After a standout prep career at Charleston's West Ashley, McLean started his college career under head coach Wes Long at Queens University, a Division II school in Charlotte, North Carolina. He headed to Chattanooga the same time his coach did, with Long joining the UTC staff when Will Wade was hired to lead the program in 2013, but McLean made his own name with the Mocs.

He was a two-time All-Southern Conference selection, and he made the league's all-tournament team as part of the UTC squad that won 29 games and reached the 2016 NCAA tournament. He led the conference champs in scoring that season, averaging 12.1 points and 6.3 rebounds per game, and again the following season as a fifth-year senior at 13.7 points per game.

More importantly for someone starting a group emphasizing academics as much as athletics, he graduated from UTC with a communications degree in May 2016.

As for the basketball aspect of the 20/20 Youth Organization, the inaugural league schedule is only four weeks, but the plan is for future seasons to run from May to July. That would conflict at times with the AAU calendar, and as the league grows it could lead to conflicts for players or parents who would rather go that route in Charleston.

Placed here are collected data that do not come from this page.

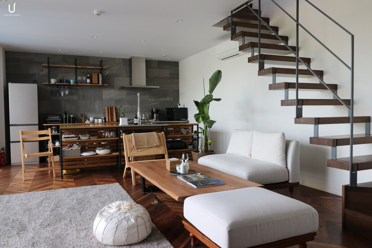 Enjoy the best accommodation experience in Kamakura, Hase, and Yuigahama! 1 minute walk to the beach! 8 minutes walk from Enoshima Hase Station! Enjoy a spectacular panoramic view of Yuigahama from the terrace. Enjoy a comfortable stay that combines the taste of the American West Coast with Japanese space! Free private parking for 2 cars. There is also an outdoor hot water shower and bicycle parking space. 108 m2, can accommodate up to 6people. 3 bedrooms, 1 bathroom, 2 toilets 6 beds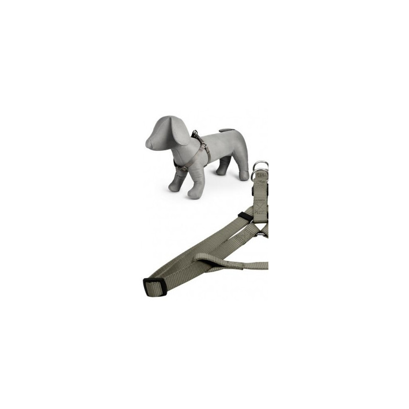Arnés de nylon para perros. Destaca su diseño, comodidad y resistencia. Medida:20 mm x 46-75 cm. Color gris.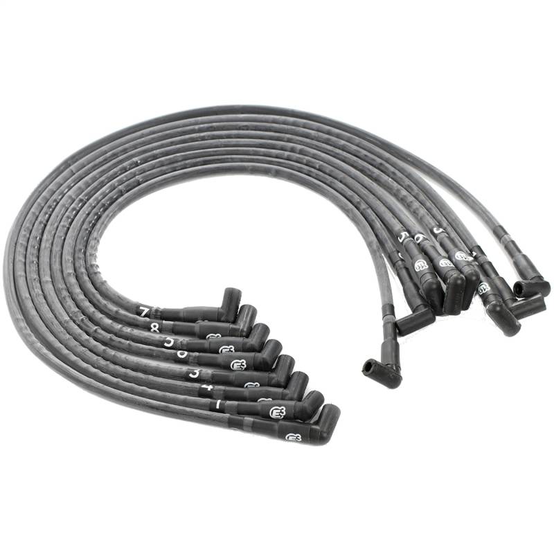 The E3 racing spark plug wire sets are designed to maximize the power of E3 Spark Plugs DiamondFIRE Technology. Sporting a Class F40 Spiral Conductor an 8.5mm configuration with rating of 40 Ohms per foot, the silicone outer jacket encases a silicone inner jacket with stainless steel terminals. Available in both universal and engine specific as well as sleeved or unsleeved configurations, E3 DiamondFIRE Racing Spark Plug Wire Sets offer the highest silicone content rating of any competitive racing wire today, giving you maximum heat protection and maximum performance.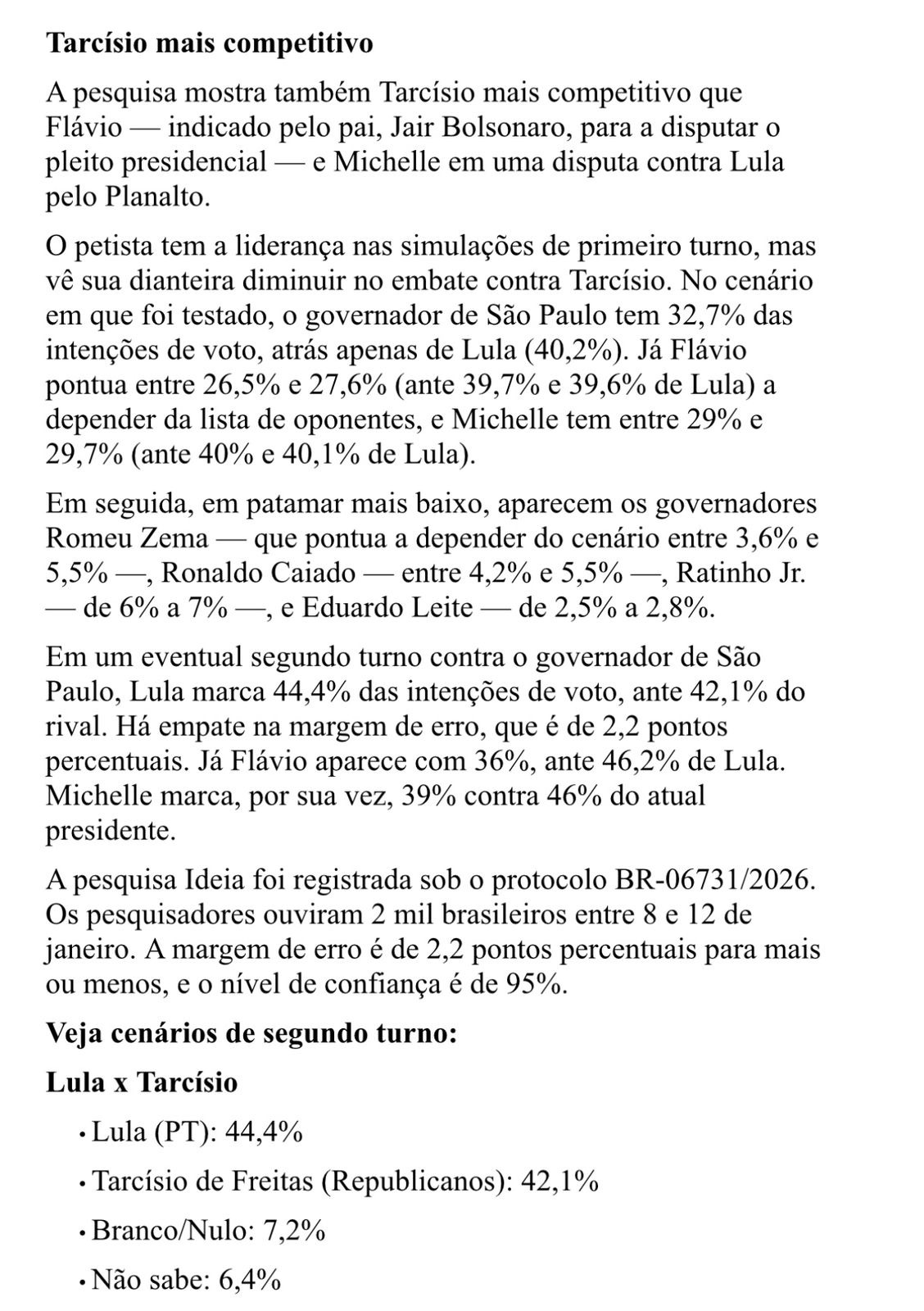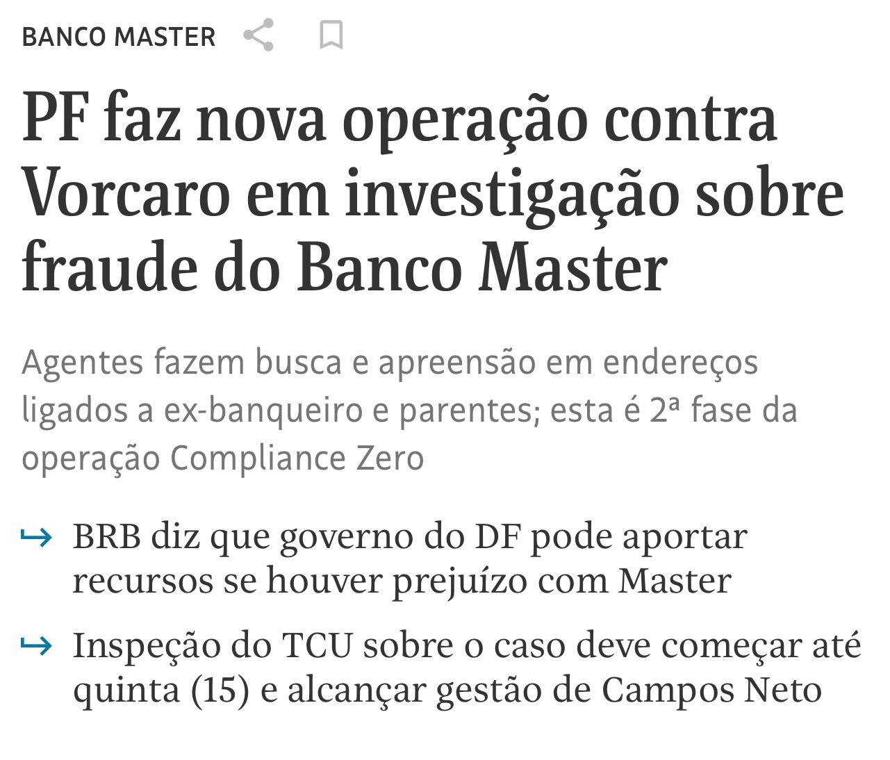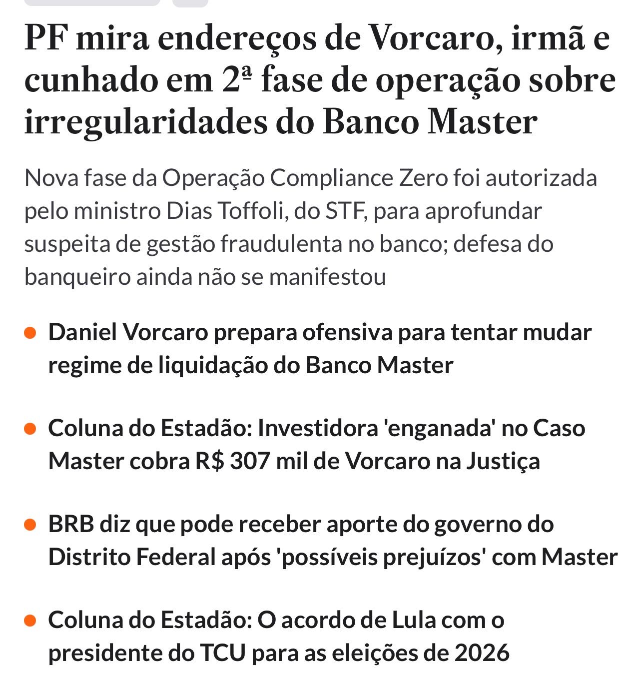 👥 Ministério Público junto ao Tribunal de Contas da União (MP-TCU) questiona indicação de Otto Lobo, por Lula, à Comissão de Valores Mobiliários (CVM) por decisões favoráveis ao Banco Master; o banco é alvo de investigação da Polícia Federal pela venda de carteiras de crédito fraudulentas no valor de R$ 12 bilhões ao Banco de Brasília (BRB)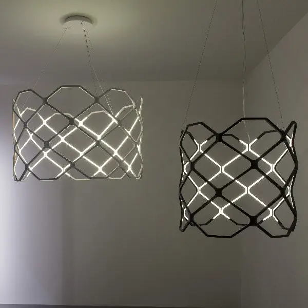 Titia est un tourbillon de lumière suspendu. «Je pensais à une lampe qui réunirait l’esprit des guirlandes de Noël et des manèges en bois», résume Arihiro Miyake. «C’est une vieille idée que je peux enfin concrétiser grâce au développement de la technologie LED. Un groupe de points de lumière est enfermé dans une forme aussi claire que possible. » L’objectif de Titia est d’éclairer une table de manière diffuse et homogène. Titia est une silhouette de fil délicate et est disponible en noir ou en blanc.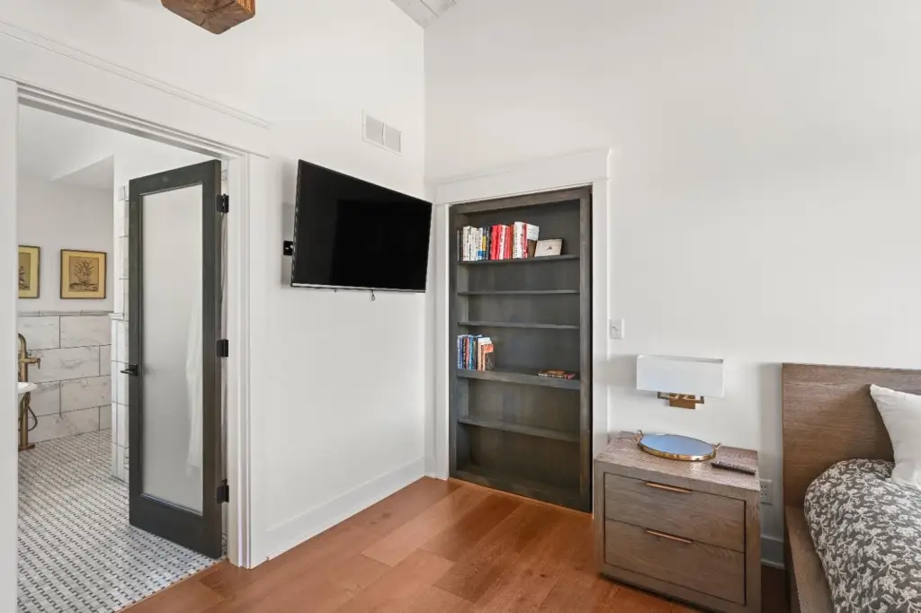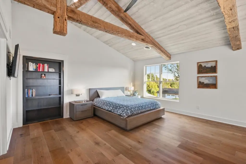 - 9ft + Ceiling, Beam Ceiling, Built-ins, Cathedral Ceiling, French Doors, Multi Panel Doors, Walk-in Closet(s)
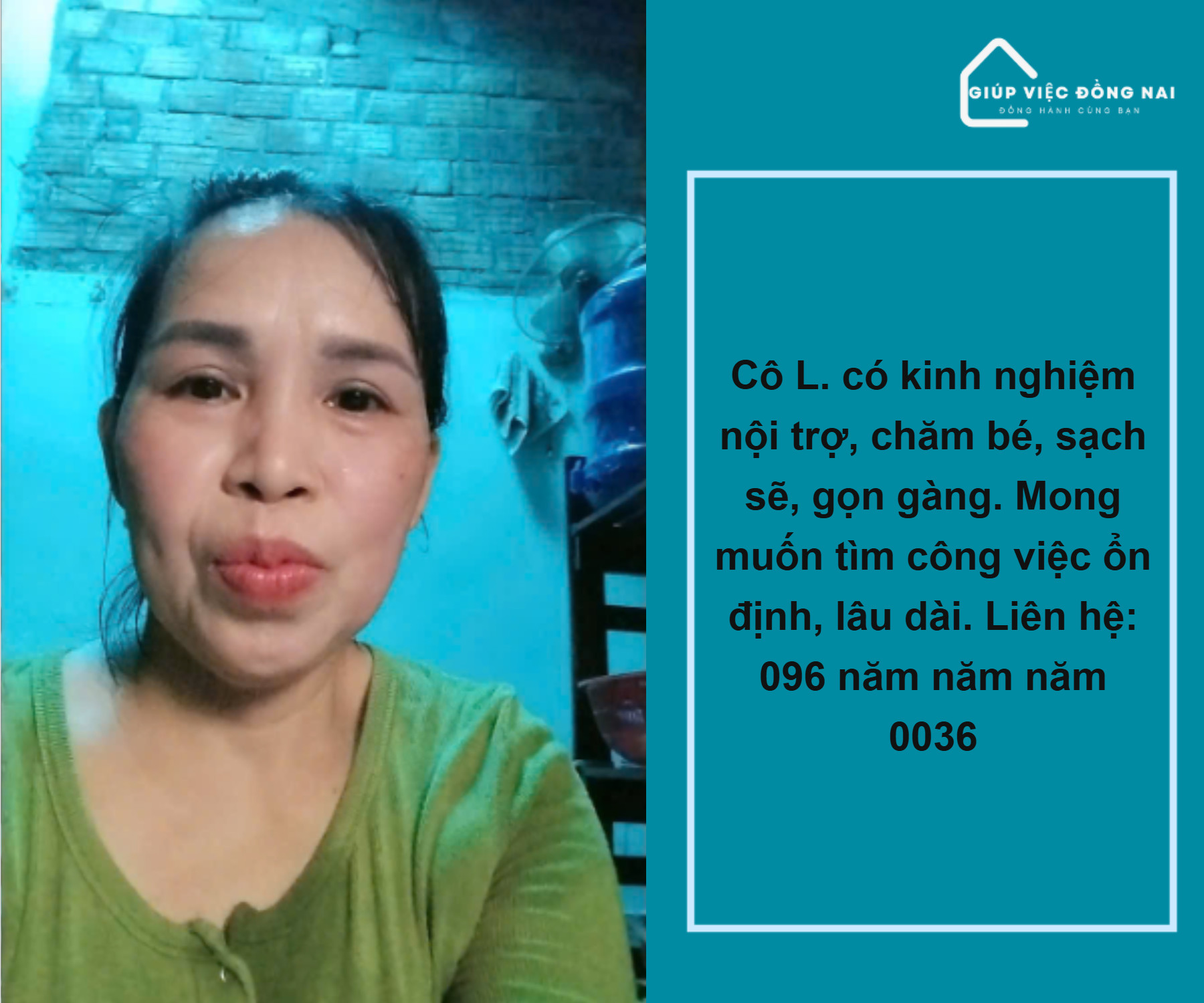 Đăng giúp người thân cần việc giúp việc nhà. Chào mọi người, em đăng tin giúp người thân đang cần tìm việc làm giúp việc nhà hoặc chăm bé ạ. Cô có kinh nghiệm và rất yêu trẻ con. Anh chị nào có nhu cầu hoặc biết ai cần thì giới thiệu giúp em với nha. Cảm ơn mọi người nhiều ạ! 09б555ООЗб
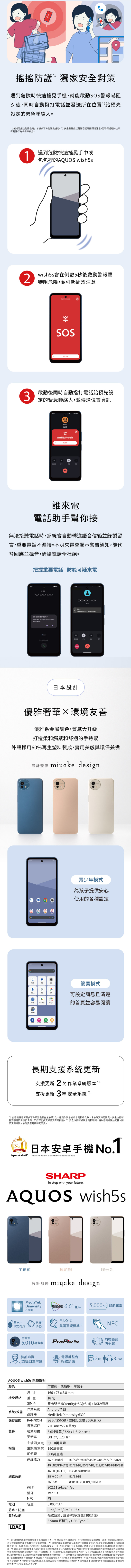 凡購買 SHARP AQUOS wish5s 並於官網完成保固登錄,即贈送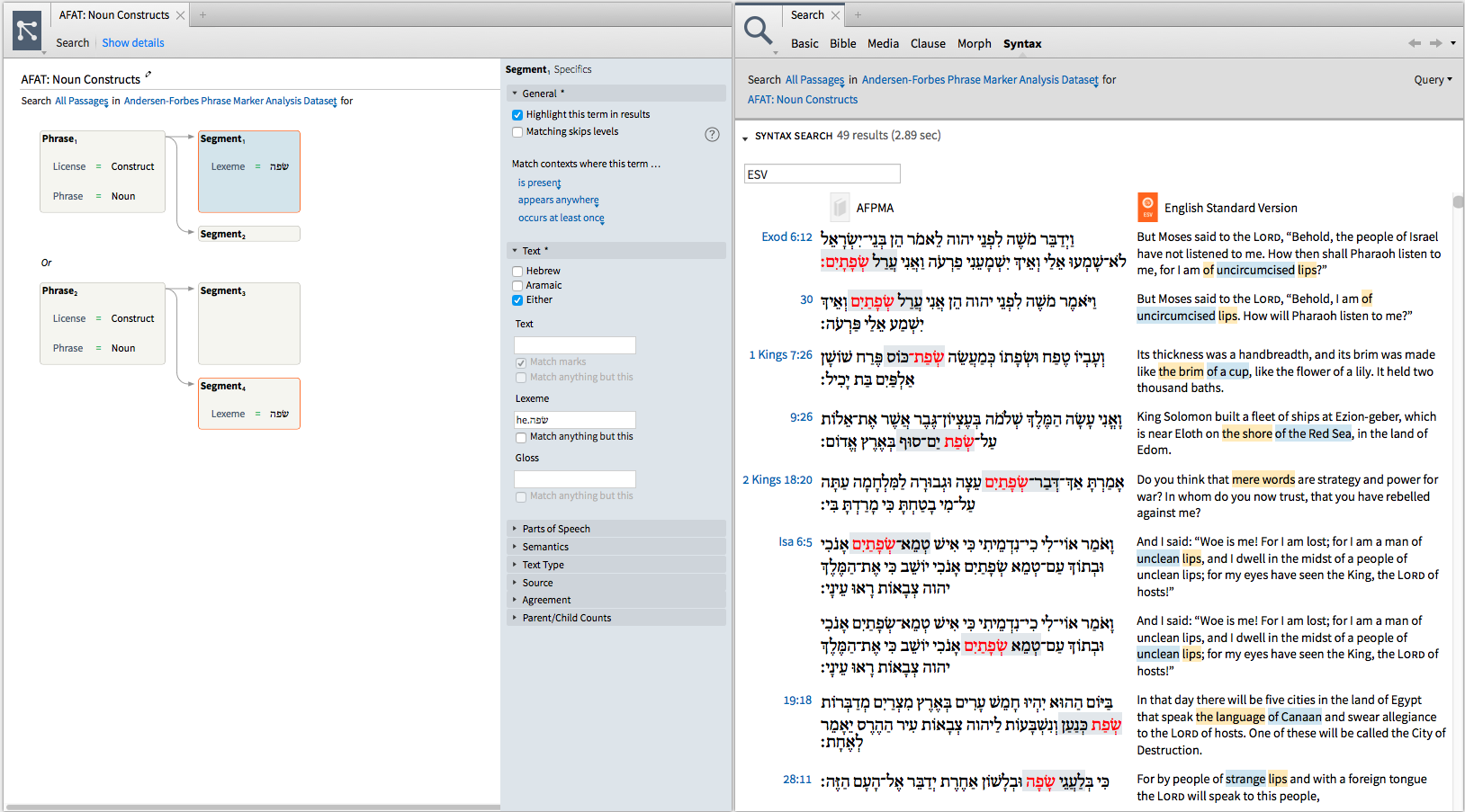 How do I find things like "deceit of lips" and "lips of deceit" that would be synonymous but in reverse-construct order?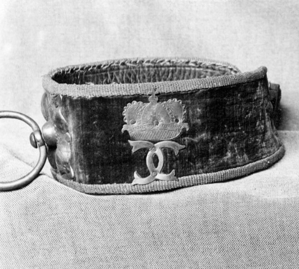 Halsband av grön sammet fodrat med brunt läder och kantat med silvergalon. På utsidans mitt ett kvadratiskt beslag av förgylld mässing med en stor ring, punsad dekor på beslaget. På vardera sidan ett spegelvänt C krönt av kunglig krona. I ena änden rektangulär sölja av förgylld mässing, i andra stropp av halsbandets material med ändbeslag av förgylld mässing.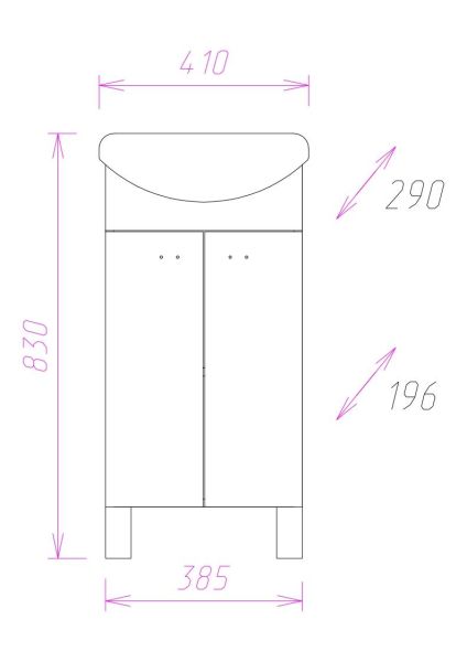 Размеры тумбы без учета раковины и ножек: 38*20*68 см.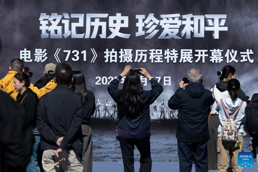 Visitors take photos at the opening ceremony of a special exhibition on the shooting process of Evil Unbound, a film about Unit 731, in Harbin, northeast China's Heilongjiang Province, Sept. 17, 2025.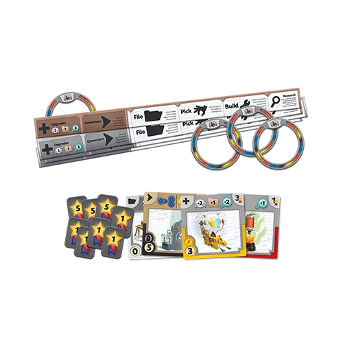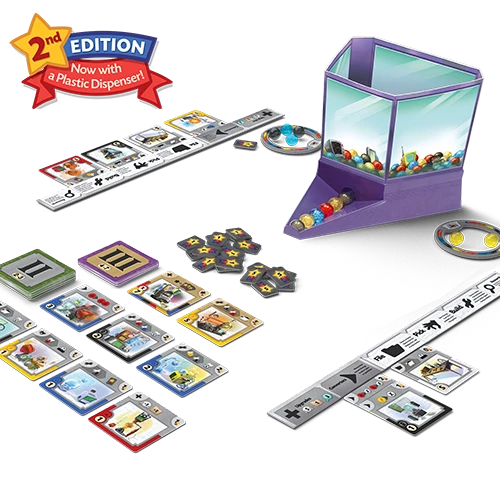 CREATE THE GREATEST GIZMO AT THE SCIENCE FAIR! The sharpest minds of the generation are gathering together at the Great Science Fair. In the end, only one will walk away with the blue ribbon. Who will prove that they’re the best, showing that they can think fast and efficiently build their machines? Only one contestant will rise to the top. In Gizmos, players take on the role of contestants in the Great Science Fair. They will pluck energy marbles from the innovative plastic Energy Dispenser and use them to construct new Gizmos, adding them to their machines. Players will have to plan ahead as they build, since Gizmos can chain-react off of one-another. As more Gizmos are added, more reactions can trigger, creating some truly epic turns. In the end, the player with the most Victory Points is declared the winner.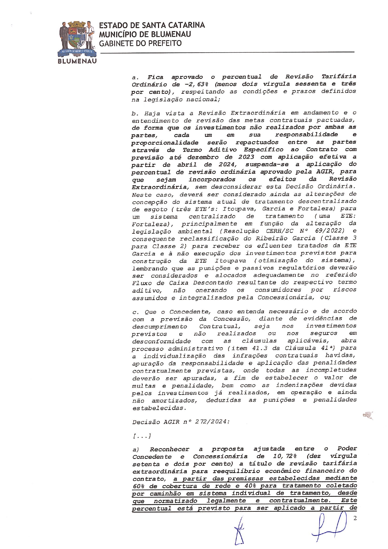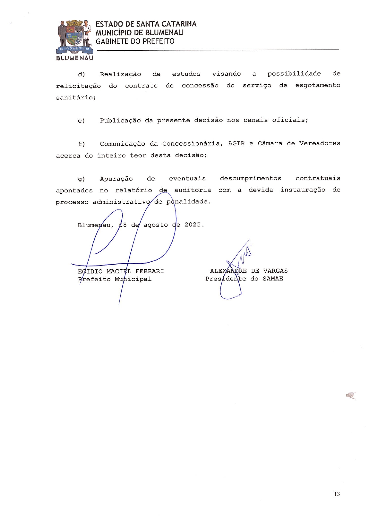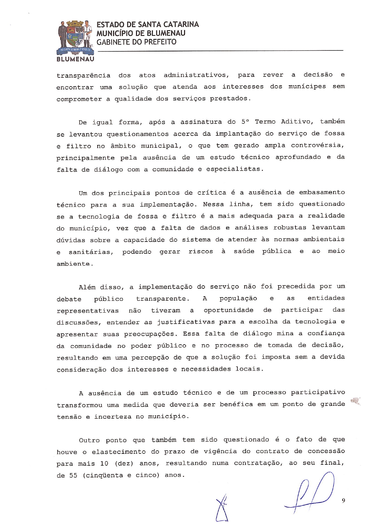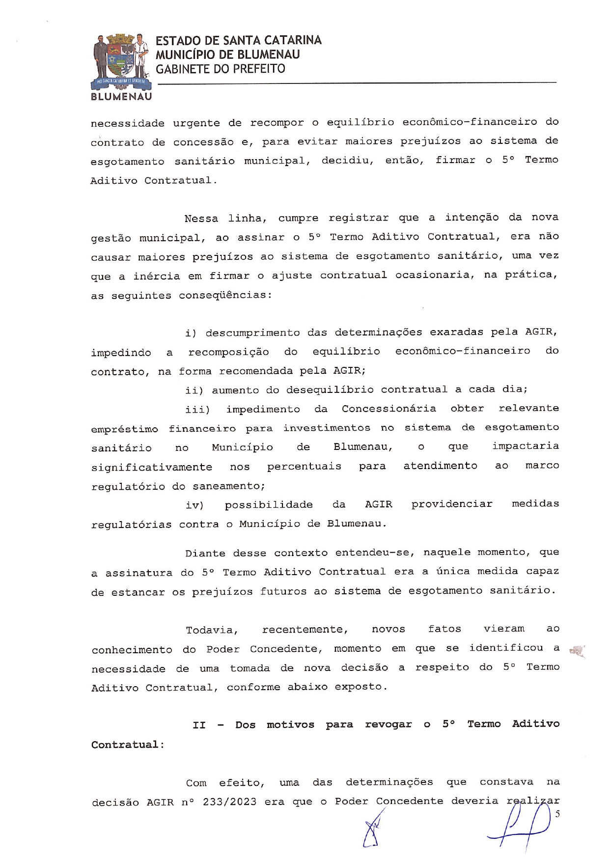 Os argumentos que embasam a decisão do prefeito Egidio Ferrari (PL) de revogar o 5º aditivo do contrato do serviço de esgoto em Blumenau, assinado por ele em março, estão em 13 folhas de um documento oficial, onde busca-se contextualizar os motivos da assinatura do termo que provocou um reajuste extra na tarifa de 10,72% e a mudança no sistema de coleta, passando a ser 40% através de caminhão limpa fossa.

McLean and his group are aware of that, though - and they're ready for the challenge.

"That's what motivates me," McLean said. "I've been through AAU and I've seen the results but also the negative things about the game. To me, it's become political more than anything, but that's why we're starting this with the middle school kids, because the high school kids get to high school and they've got only one thing in mind: earning a Division I scholarship.

"So starting with middle school kids, we can give them an understanding of what to look for in AAU."